Больно мне было это письмо, очень больно.
Я отвечал ему грустно, сквозь затаенные слезы, я прощался с ним и просил его прекратить переписку.
Затем наступило между нами совершеннейшее молчание…
С Энгельсоном еще раз что-то оторвалось внутри, я становился еще беднее, еще разобщеннее, холод кругом, ничего близкого… иногда будто теплее протягивалась рука, какой-нибудь фанатик без пониманья, не разобравший сначала, что мы не одной религии, быстро подходил и так же быстро отворачивался. Впрочем, я и сам не искал большой близости с людьми; я привыкал к встречным и проходящим, к разным анонимам, от которых ничего не требовал и которым ничего не давал, кроме сигар, вина и иногда денег. Одно спасение было в работе, я писал «Былое и думы» и устроивал русскую типографию в Лондоне. (578)

VI

Прошел год. Типография была в полном ходу, ее заметили в Лондоне и боялись в России. Весною 1854 года я получил от Марьи Каспаровны небольшую рукопись. Догадаться было не трудно, что ее писал Энгельсон. Я тотчас напечатал ее.

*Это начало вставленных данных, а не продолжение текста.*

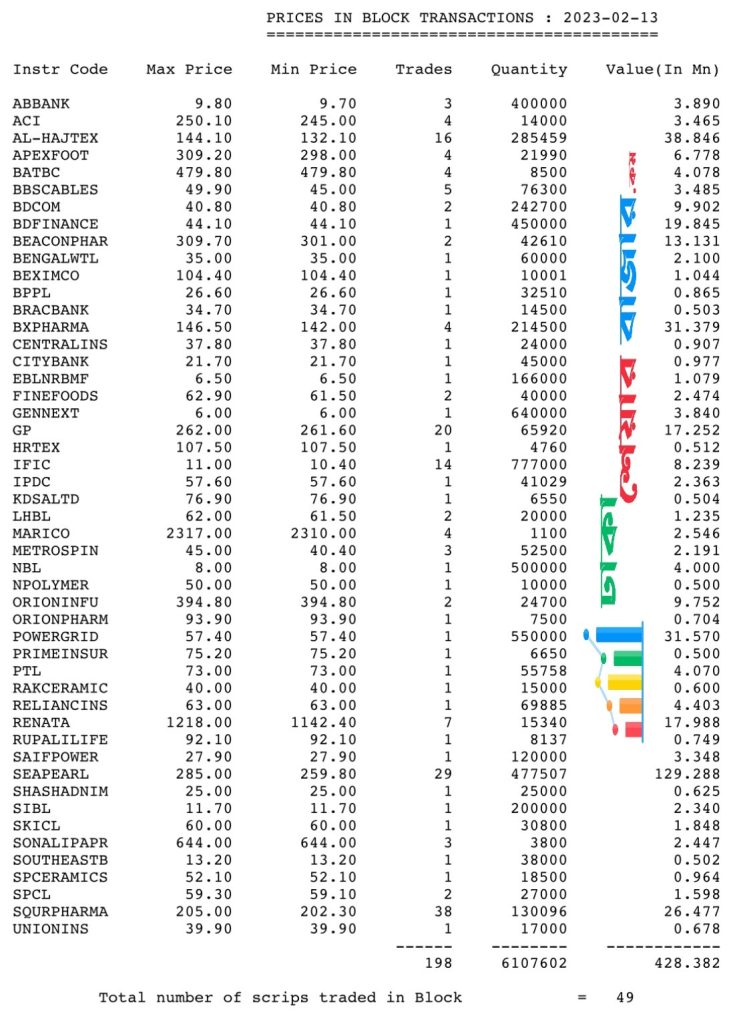 আজ ১৩ই ফেব্রুয়ারী ২০২৩ দেশের প্রধান পুঁজিবাজার ঢাকা ষ্টক এক্সচেঞ্জে ব্লক ৪৯ টি শেয়ারের মোট লেনদেন হয়েছে ৪২.৮৩ কোটি টাকা। গতকাল ব্লকে মোট ৫৮ টি কোম্পানির ট্রেড হয়েছে ৪৫.৫৯ কোটি টাকা। আজ ব্লকে গত দিনের চেয়ে লেনদেন কম হয়েছে ২.৭৬ কোটি টাকা।

Потом пришло от него письмо, в котором он просил окончить несчастную размолвку и соединиться на общее дело. Разумеется, я ему протянул обе руки. Вместо ответа он явился сам в Лондон на несколько дней и остановился у меня. Рыдая и смеясь, просил он забвения прошлого… осыпал меня словами дружбы и снова схватил мою руку и прижал ее к своим губам. Я обнял его, глубоко тронутый и в твердой уверенности, что ссора не возобновится.
Но уже через несколько дней показались облака, мало предвещавшие хорошего. Оттенок фатализма, бонапартизма, который проглядывал в его письмах из Женевы, — вырос. Из ненависти к Николаю и хористам французской революции 1848 года он переходил arme et bagage в враждебный стан. Мы поспорили, он был упорен. Зная, как он бросается в крайности и как быстро возвращается, я ждал отлива, но его не было.
По несчастью, Энгельсон возился тогда с удивительным проектом, в который был страстно влюблен.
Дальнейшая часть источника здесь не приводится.